## Problem to solve
Only the lines below from the one that contains "Sweter w kolorze" through the one that contains "这些数据可从分析仪表界面上看" should appear in your answer, exact and without pictures.

## Task data
* * *
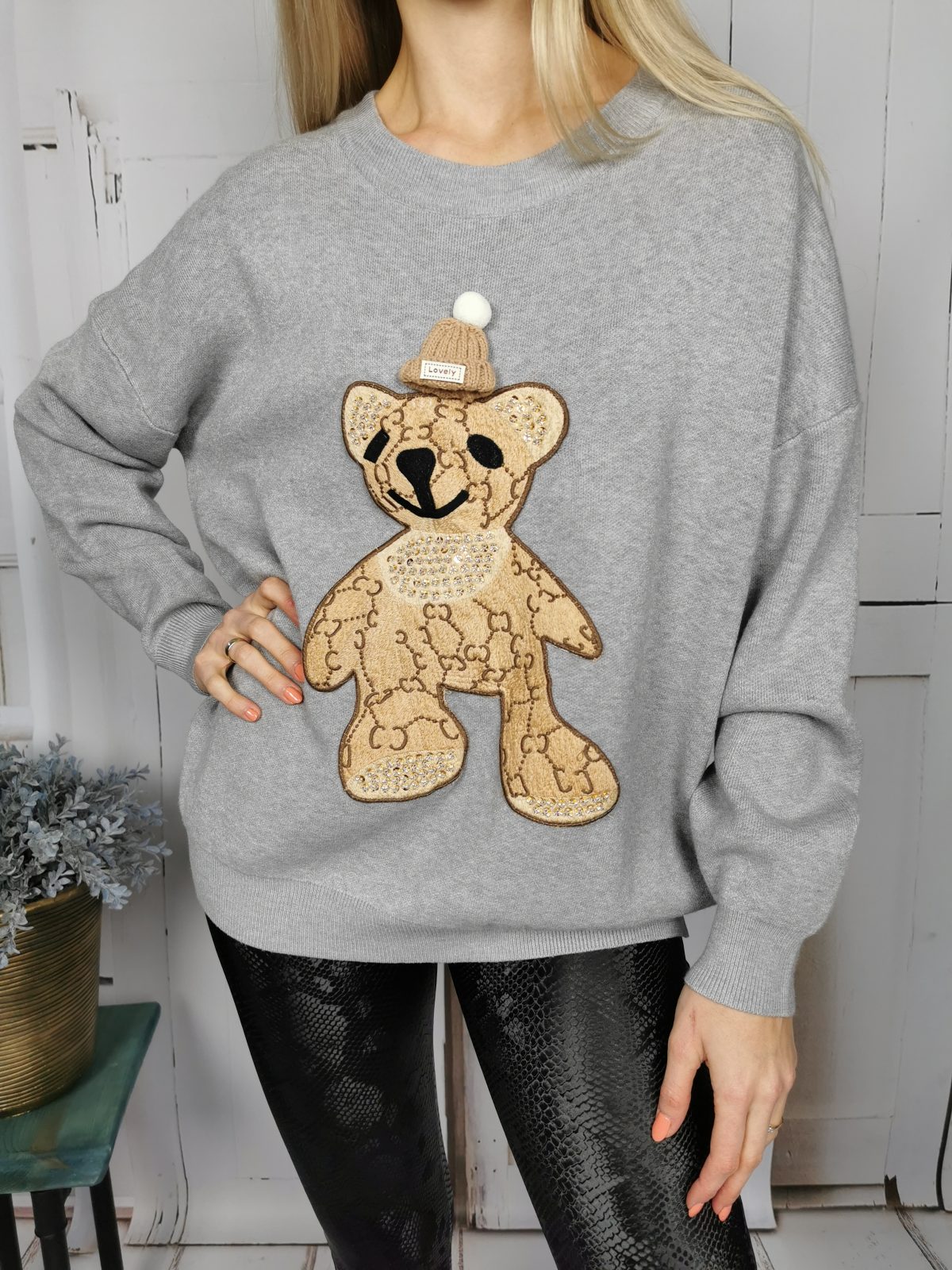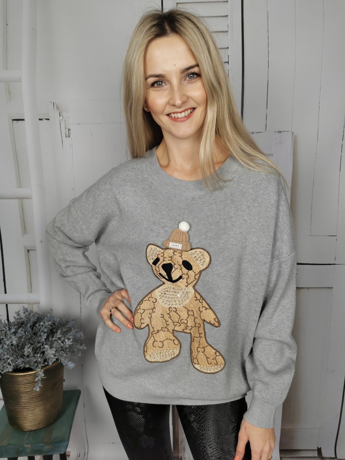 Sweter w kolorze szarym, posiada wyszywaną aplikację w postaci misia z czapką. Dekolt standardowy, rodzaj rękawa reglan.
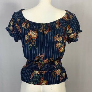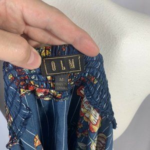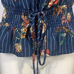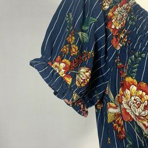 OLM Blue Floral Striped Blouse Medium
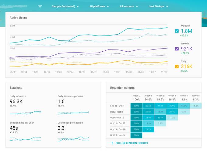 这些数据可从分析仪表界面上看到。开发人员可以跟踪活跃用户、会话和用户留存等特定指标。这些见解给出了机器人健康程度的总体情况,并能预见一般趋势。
* * *
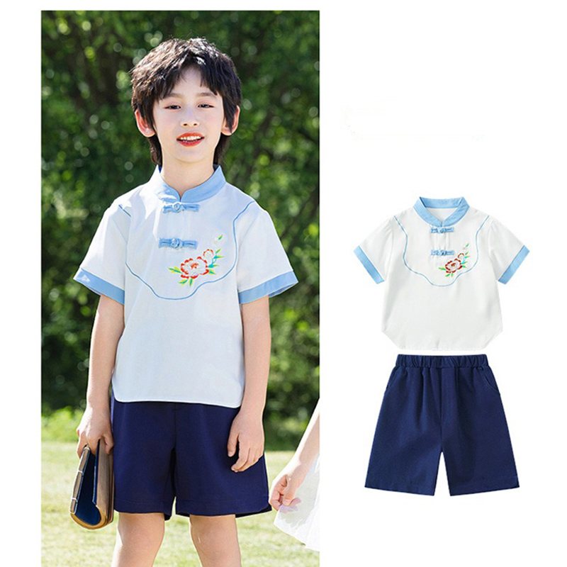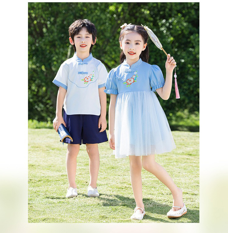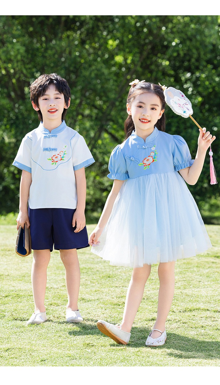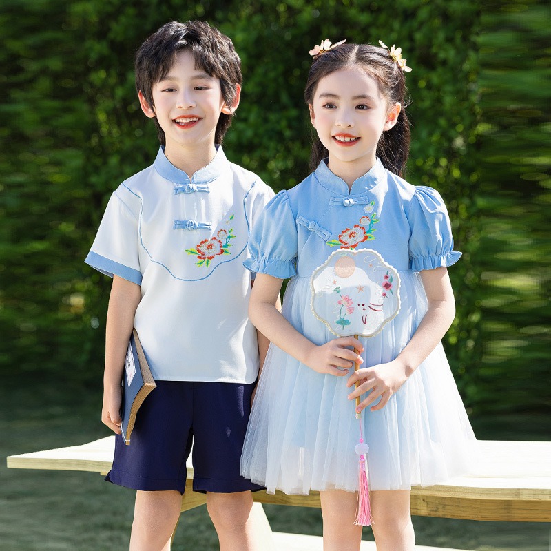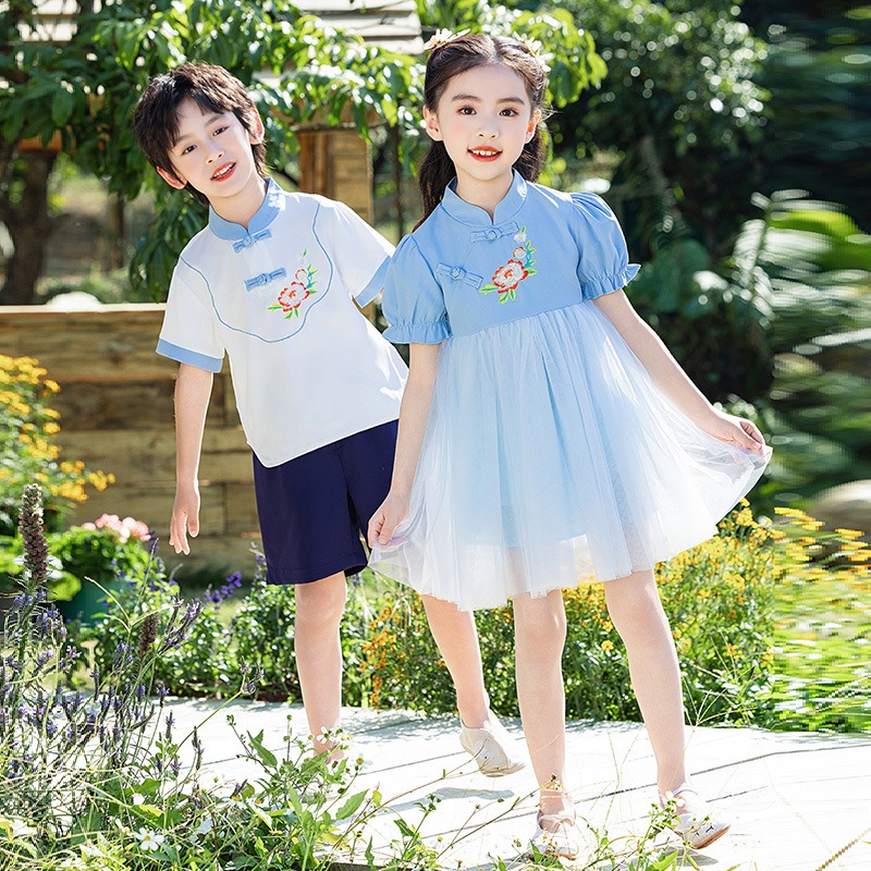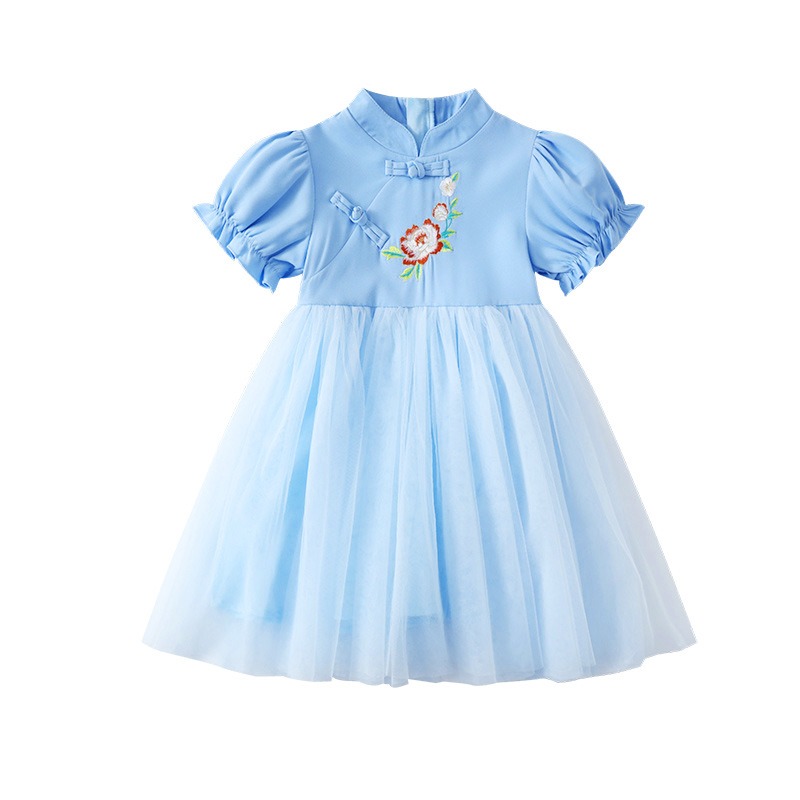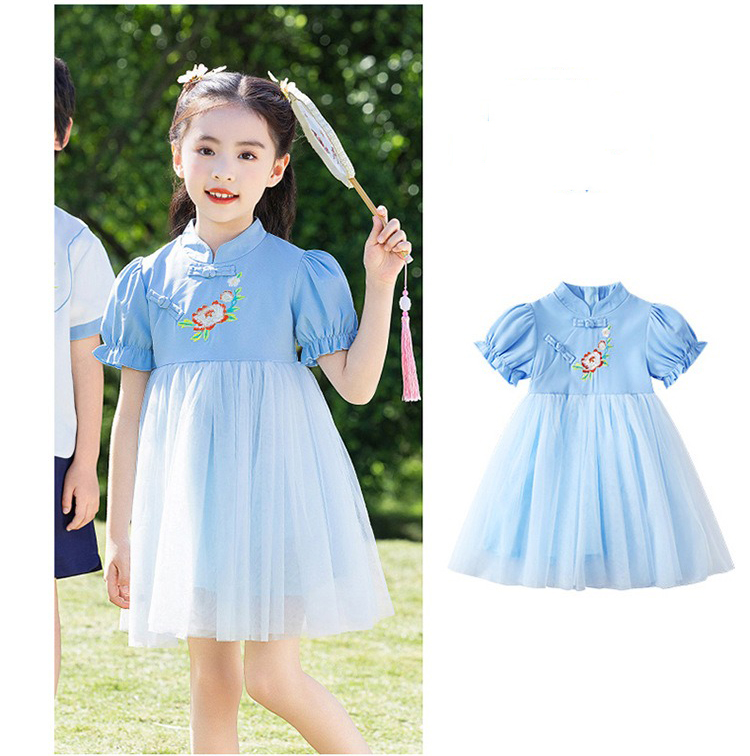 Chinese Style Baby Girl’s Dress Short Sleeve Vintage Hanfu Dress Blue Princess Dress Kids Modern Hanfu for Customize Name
* * *
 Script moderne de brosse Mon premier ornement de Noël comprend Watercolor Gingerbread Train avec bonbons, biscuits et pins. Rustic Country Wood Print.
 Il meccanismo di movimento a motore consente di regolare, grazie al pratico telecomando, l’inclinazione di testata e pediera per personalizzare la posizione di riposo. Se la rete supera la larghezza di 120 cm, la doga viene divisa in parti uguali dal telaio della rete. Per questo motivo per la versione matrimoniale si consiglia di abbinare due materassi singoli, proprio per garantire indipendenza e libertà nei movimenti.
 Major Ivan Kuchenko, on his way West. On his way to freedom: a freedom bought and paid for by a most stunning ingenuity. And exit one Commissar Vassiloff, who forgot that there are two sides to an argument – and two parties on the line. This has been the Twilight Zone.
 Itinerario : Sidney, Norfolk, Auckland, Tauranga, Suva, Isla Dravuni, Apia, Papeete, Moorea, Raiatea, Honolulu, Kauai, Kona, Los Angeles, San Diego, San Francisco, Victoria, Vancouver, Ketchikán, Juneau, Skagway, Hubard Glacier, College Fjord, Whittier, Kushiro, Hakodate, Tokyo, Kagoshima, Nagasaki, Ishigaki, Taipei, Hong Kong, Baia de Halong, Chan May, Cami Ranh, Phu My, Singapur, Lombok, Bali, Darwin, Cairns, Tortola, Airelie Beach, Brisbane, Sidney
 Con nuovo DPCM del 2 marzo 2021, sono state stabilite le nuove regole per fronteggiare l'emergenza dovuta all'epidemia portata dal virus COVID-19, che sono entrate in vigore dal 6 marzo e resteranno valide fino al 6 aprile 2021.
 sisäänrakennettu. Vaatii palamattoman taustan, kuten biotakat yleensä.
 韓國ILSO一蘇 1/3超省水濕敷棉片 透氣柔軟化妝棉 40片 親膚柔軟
* * *
## Result for this exercise
 Sweter w kolorze szarym, posiada wyszywaną aplikację w postaci misia z czapką. Dekolt standardowy, rodzaj rękawa reglan.
 OLM Blue Floral Striped Blouse Medium
 这些数据可从分析仪表界面上看到。开发人员可以跟踪活跃用户、会话和用户留存等特定指标。这些见解给出了机器人健康程度的总体情况,并能预见一般趋势。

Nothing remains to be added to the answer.